これの詳細な写真まで撮って、こういう仮説の方法もあるよということを、この写真集の中で岸田は示しています。

それから、明治神宮外苑のもともとの競技場の設計者は小林政一さんという人なんですけど、この人も、やはり改装について問題提起をしていて、絵画館側については芝生の上に鉄骨で架設スタンドをつけて、それでオリンピックをすればいいじゃないかと新聞で書いてます。

学徒出陣の壮行会に使われた競技場

松隈:結局、内務省が管轄してたんですけど、明治神宮の方から「ここでは困る」ということで、招致が決まったときの場所ではなく、明治神宮外苑に作らずに、駒沢のゴルフ場跡地に土壇場で方針が変わるんですね。

これが駒沢で計画された戦前の最終案です。東京市が設計チームを組んで作りました。これは見ていただく通り、先ほどご紹介したベルリンオリンピックの鳥瞰図からかなり影響を受けています。多分、唯一の参考資料だったので非常に強い影響を受けて作られています。

ただ、これを作った直後に日中戦争が始まっていましたので、東京大会が中止になると。そしてこれからわずか5年後にこの明治神宮外苑の競技場では学徒出陣の壮行会が開かれました。平和の祭典が行われるはずの場所で、戦地に向かう学生たちを雨の中見送る行事が開かれたんです。

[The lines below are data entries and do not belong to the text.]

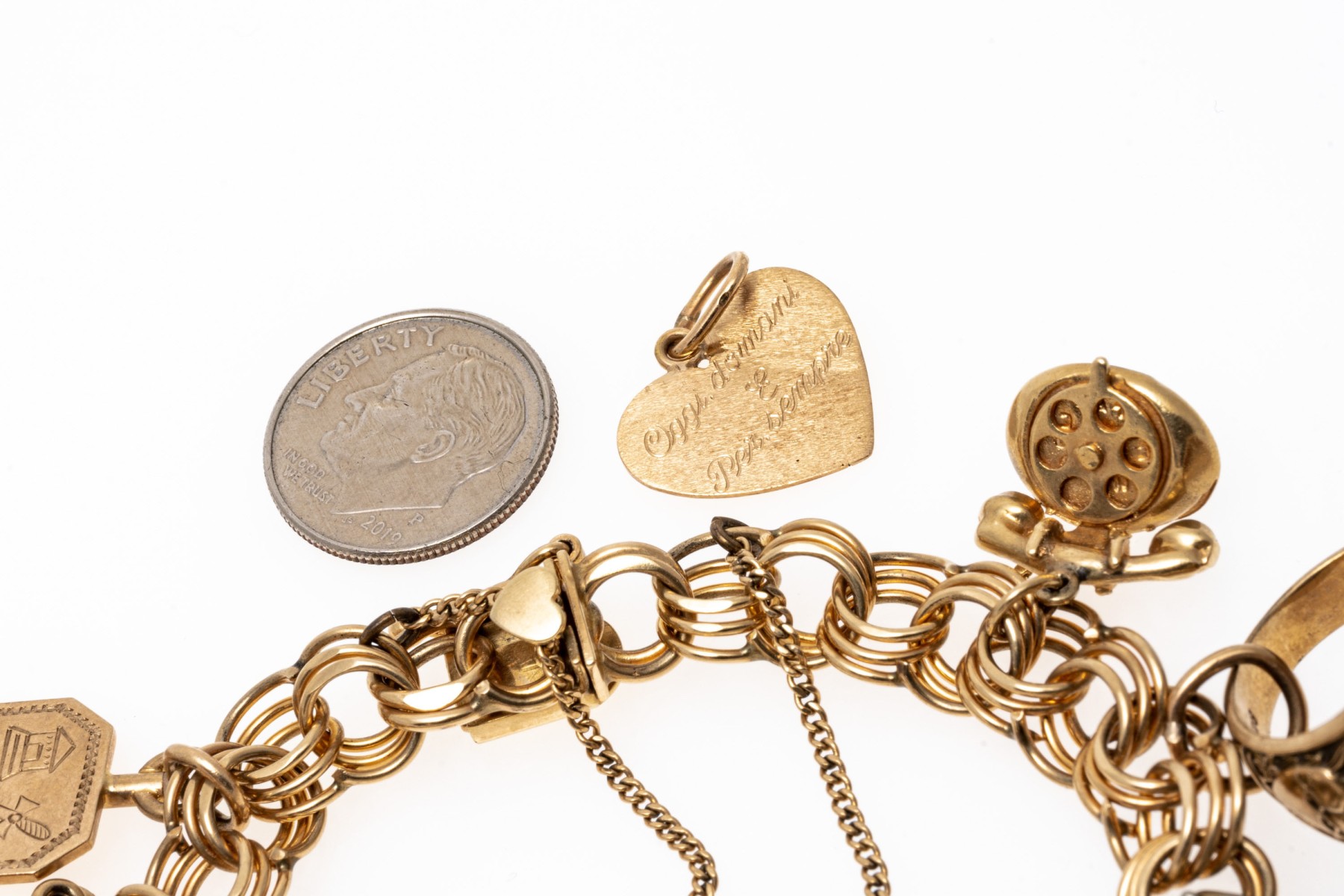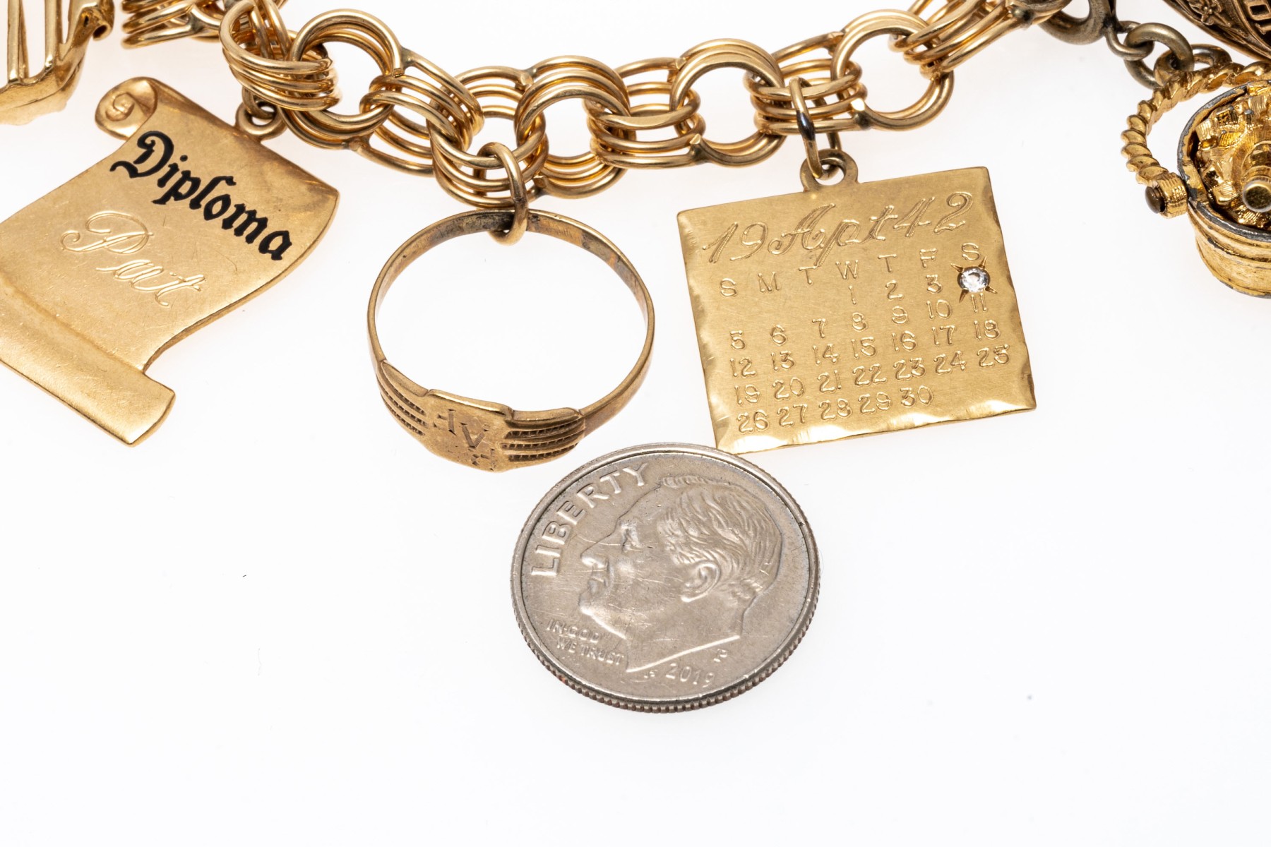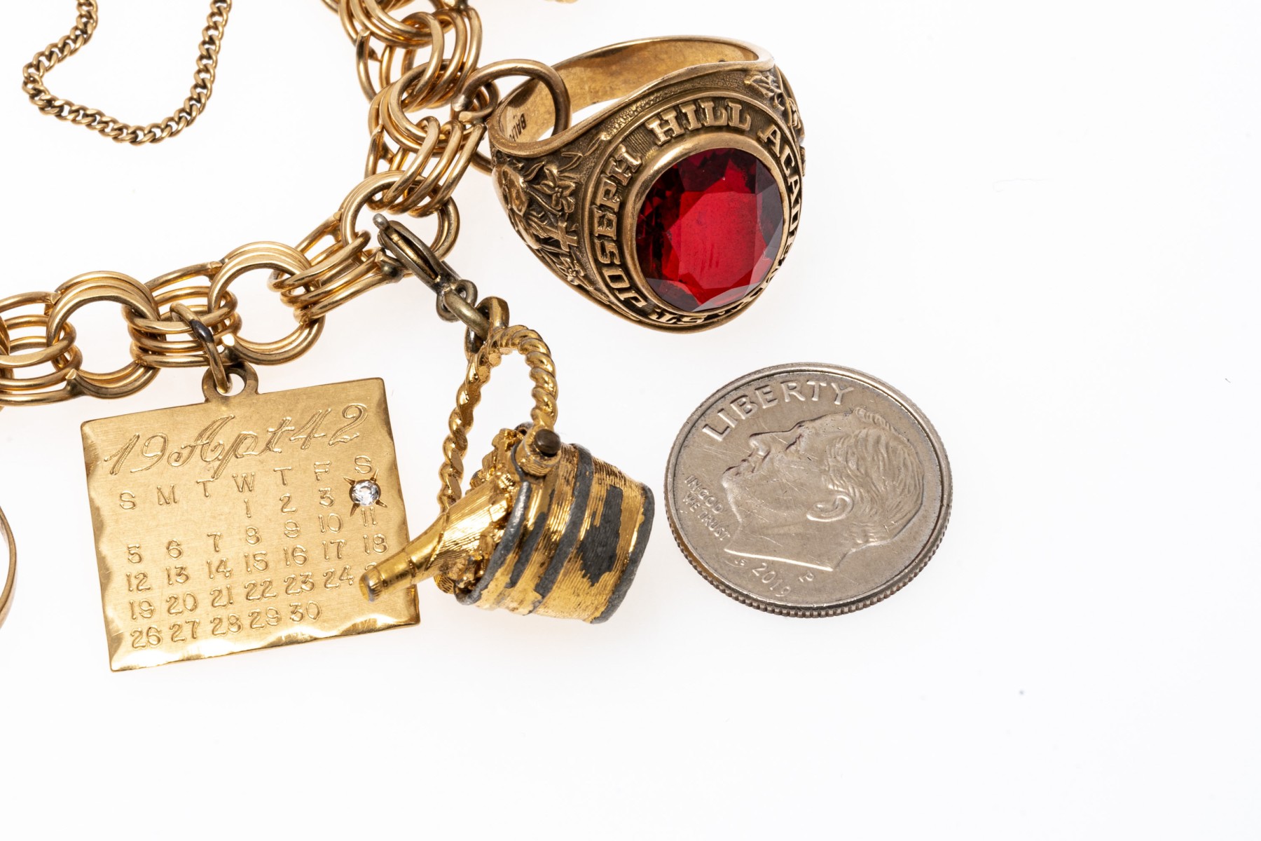14K yellow gold chain charm bracelet. Displayed from the bracelet are various charms of 14K and 10K yellow gold. The 10K charms include key fob and two rings. The 14K charms are masks, 'Mad Money', diploma, car, phone and calendar. With the bracelet is one additional 14K heart shaped charm. Hidden box style clasp with safety chain.
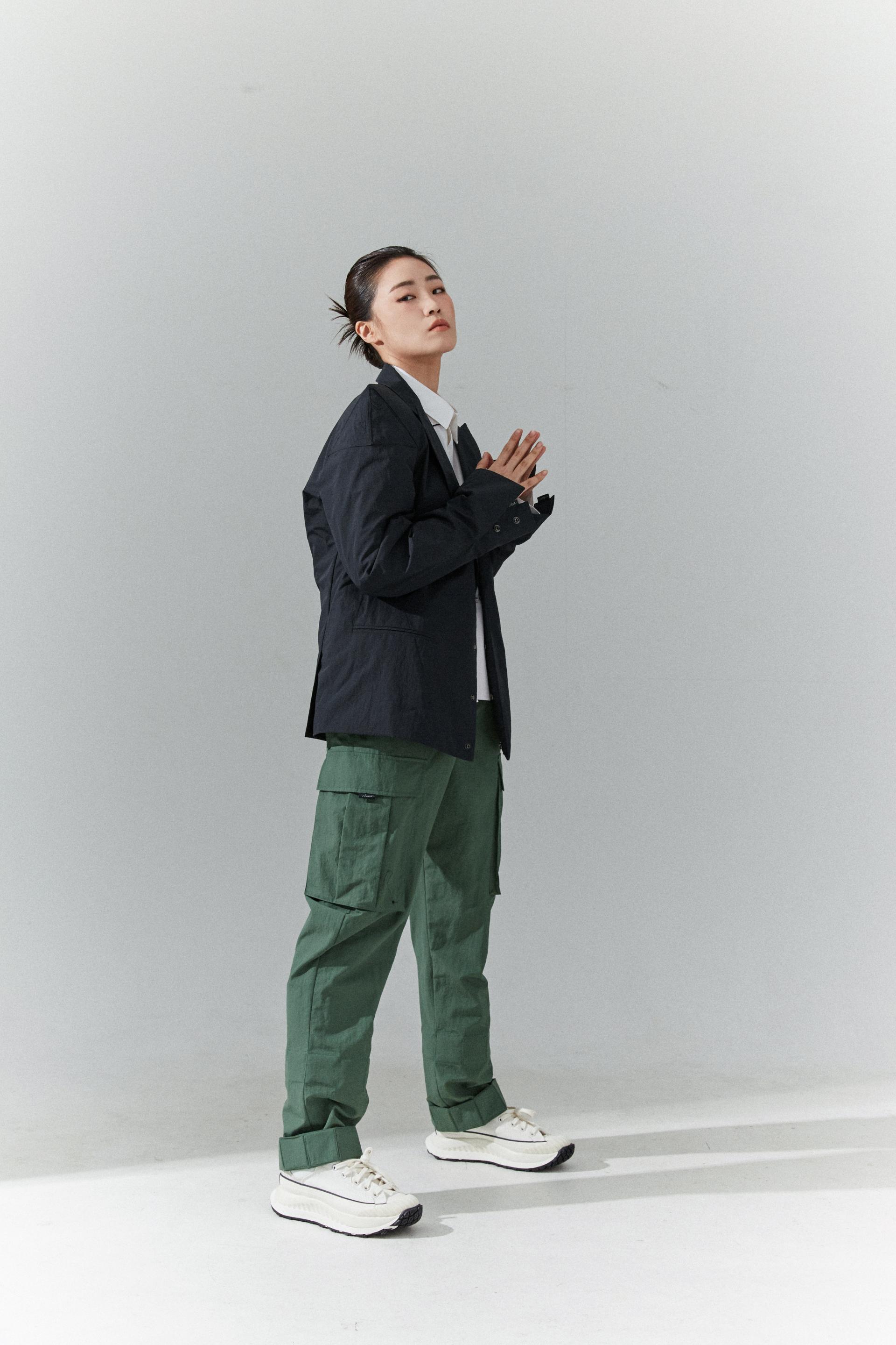 Made of thick, unevenly textured nylon fabric for spring, fall, and early winter wear
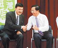 陳水扁與余天(左)會面。(圖:臺灣《蘋果日報》)
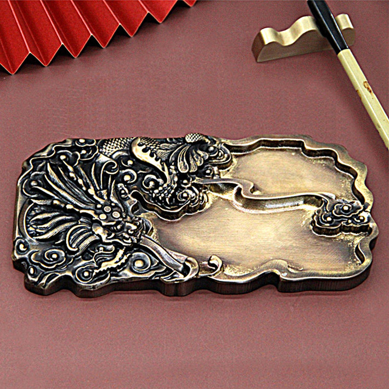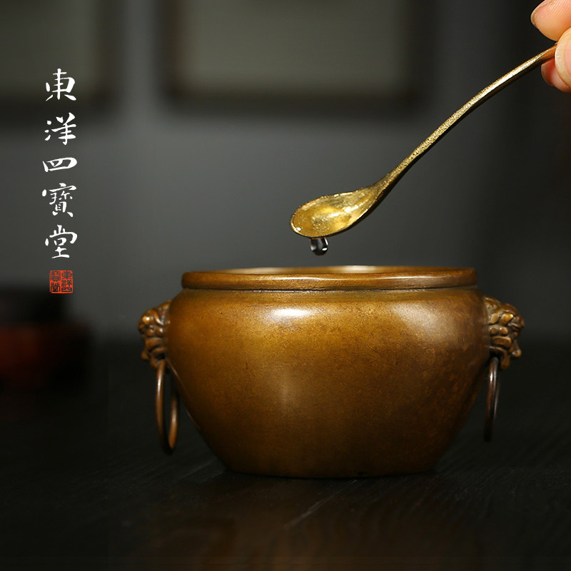 御宝阁黄铜水勺水盂笔洗墨条砚台砚滴加水文房四宝毛笔字国画书法工具端砚文玩书法用品手工墨池模墨水铜勺子
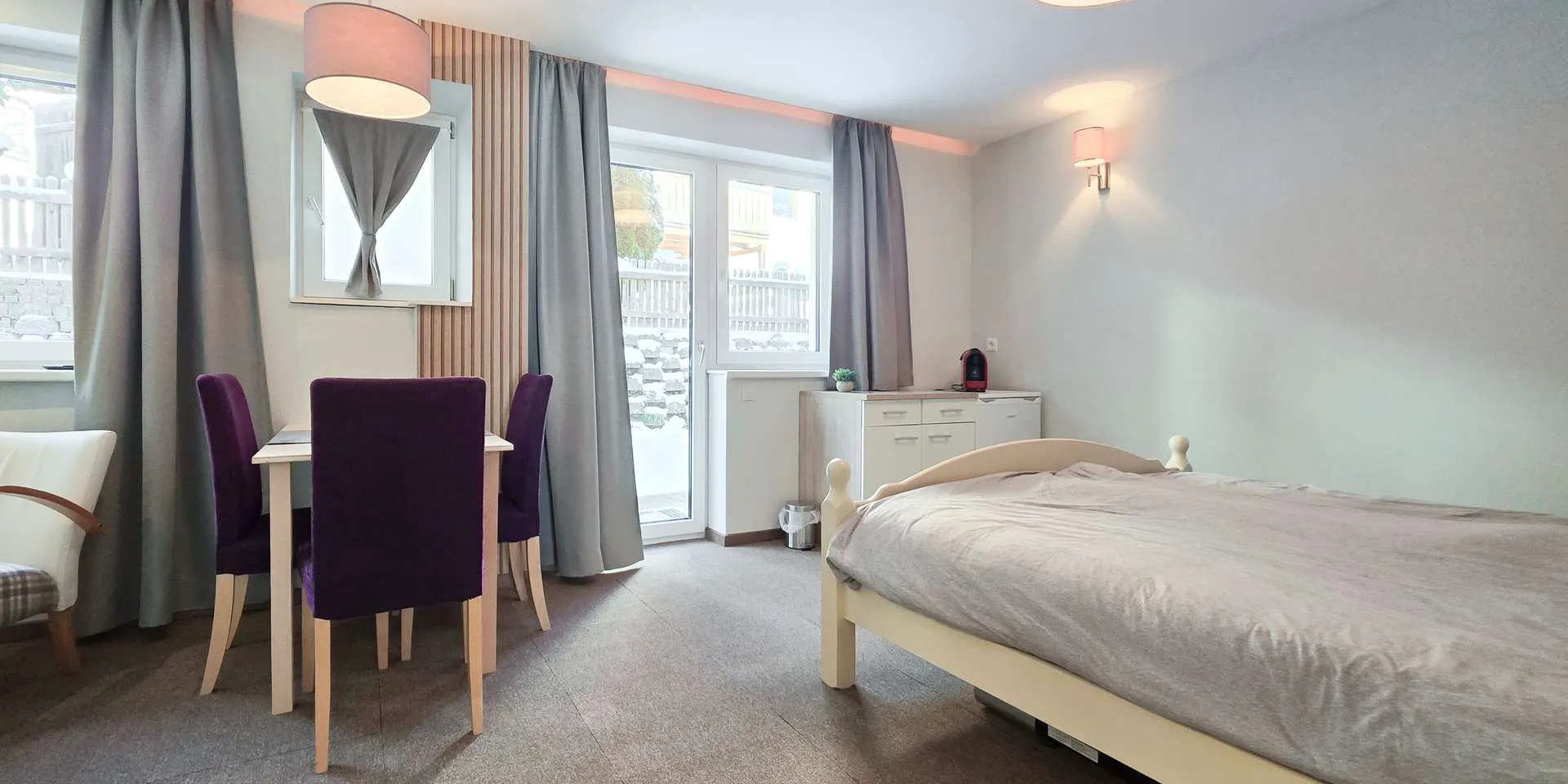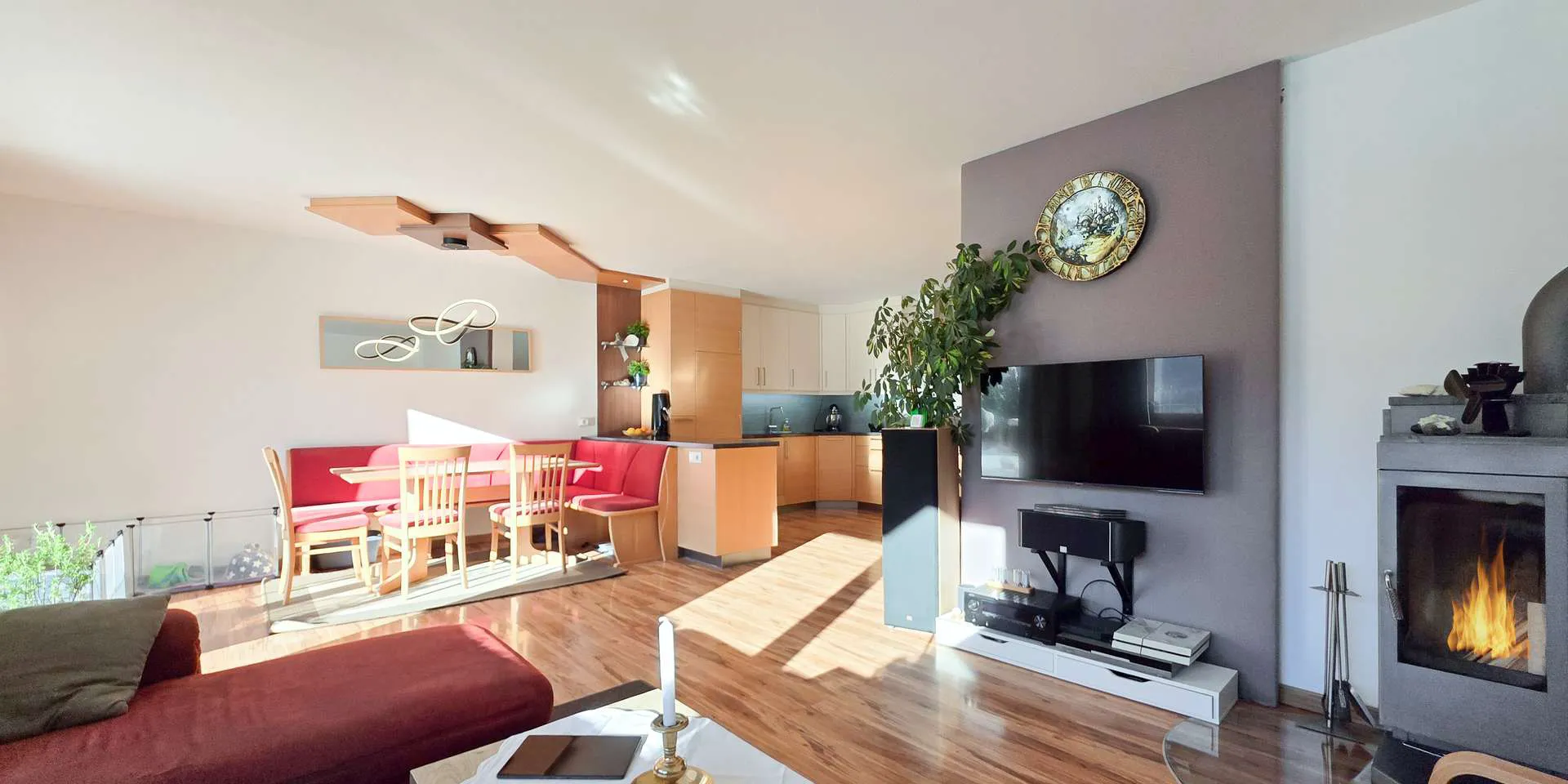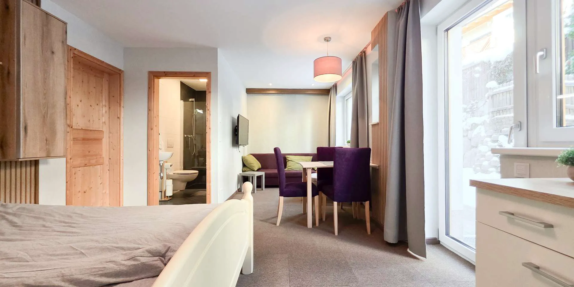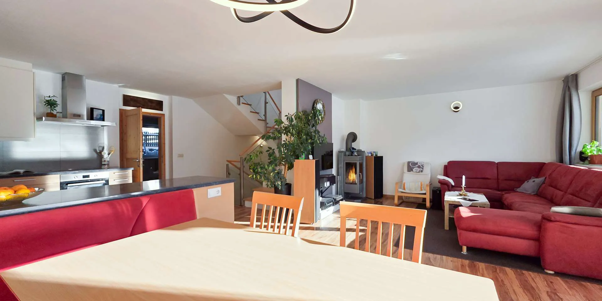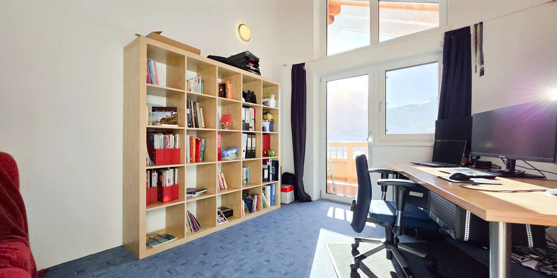 Das Erdgeschoss wurde kürzlich umgebaut, wodurch nun hinter dem 44m2 großen Wohn-/Ess-/Kochbereich eine kleine Einliegerwohnung mit eigenem Badezimmer geschaffen wurde. Ein Küchenanschluss ist in der Einliegerwohnung vorhanden. Das Highlight ist auf dieser Ebene neben dem offenen Kamin die nahezu quadratische, über 40m2 große Südterrasse mit spektakulärem Bergblick.

岸田の上司の内田祥三が、この年に東大の総長になって、学生たちを見送る立場になってしまったという歴史もあります。

そして戦後になって、アジア大会の誘致が決まって、この場所を最終的に改築しようということで、取り壊されてしまうことになりました。

これは解体中の写真ですね。なかなか頑丈に作ってあったので、一部ダイナマイトで爆破したり、ずいぶん苦労して取り壊したということらしいです。

これが1958年にアジア大会のために完成した姿です。絵画館との関係を見ていただくと、今の競技場より少し小ぶりになっていることがおわかりになると思います。

これの左側がもともとの姿で、メインスタンドしかなくて反対側は芝生になっていますが、1958年の段階でぐるっと円周を全部作ったという形ですね。改修前はスタンドの裏側ににサブトラックがあったというのが、ちょっと面白いです。